552 Efficient Identification of Patients from Healthcare Facilities (HFs) for Infection Control Surveillance

Sunday, April 3, 2011
Trinity Ballroom (Hilton Anatole)
Kavitha K. Prabaker, MD , Rush University Medical Center and John H. Stroger, Jr. Hospital of Cook County, Chicago, IL
Mary K. Hayden, MD , Rush University Medical Center, Chicago, IL
Robert A. Weinstein, MD , John H. Stroger, Jr. Hospital of Cook County and Rush University Medical Center, Chicago, IL
Michael Y. Lin, MD, MPH , Rush University Medical Center, Chicago, IL
Background: Prior exposure to HFs is an important risk factor for carriage of multidrug-resistant organisms (MDROs). Rapid identification of patients transferred from other HFs supports infection control activities such as active surveillance and preemptive Contact Precautions but frequently requires manual chart review.

Objective: To develop and validate a novel Point of Origin Flag (POF) based on standard hospital administrative codes to efficiently identify patients admitted from long-term and acute HFs.

Methods: We identified a universal “point of origin” hospital code that categorizes a patient’s immediate location prior to admission as HF versus non-HF and that is required for billing claims in all hospitals (form UB-04). This code is assigned within 24 hours of a patient’s admission using bed reservation and ambulance report form records. We used the code to generate our POF, which can be readily accessed by medical providers and infection control staff in the electronic patient chart. We defined the following institutions as HFs: acute care hospitals, emergency departments, long-term acute care hospitals (LTACHs), and skilled nursing facilities (SNFs); all others were considered non-HFs.

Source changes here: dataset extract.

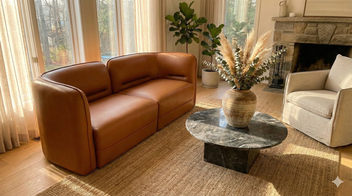 Designs: Contemporary Material: Leathere Color: Brown & Beige Shape: Rectangular Dimensions: H36 inch x L36 inch x W30 inch Finish: leather and...

In a cross-sectional prospective study of randomly selected adult inpatients at a 676-bed urban academic medical center from July - August 2010, we validated the POF against a gold standard of patient-reported point of origin. Test performance measures (Kappa statistic, sensitivity, specificity, positive predictive value [PPV] and negative predictive value [NPV]) were calculated for the POF. The accuracy of the POF was compared to another commonly used source of admissions information, the physician history and physical (H&P).

Results: Among 523 patients included in the study, 85 (16%) patients self-reported as being admitted from another HF. Compared to the gold standard, the POF had a sensitivity of 86% (95% confidence interval [CI], 77 to 92%), specificity of 98% (CI 97 to 99), PPV of 91%, and NPV of 97%. The overall kappa was 0.86. The H&P had a sensitivity of 75% (CI 65 to 84), a specificity of 98% (CI 96 to 99), a PPV of 88%, and a NPV of 95%. For identifying patients from SNFs alone, the sensitivity of the POF and H&P were 50% (CI 23 to 77) and 71% (CI 42 to 92), respectively. For identifying patients from acute hospitals and LTACHs, the sensitivity of the POF and H&P were 93% (CI 84 to 98) and 76% (CI 64 to 85), respectively.

Conclusions: The POF is an accurate, efficient, and easily implemented method of identifying adult inpatients admitted from a healthcare facility; its performance is comparable to H&P review but requires less time and effort. The lower sensitivity of the POF for patients from SNFs reflects their more diverse points of entry at our institution compared to those from LTACHs and acute hospitals. This tool can increase infection control situational awareness by identifying patients at high risk for MDROs.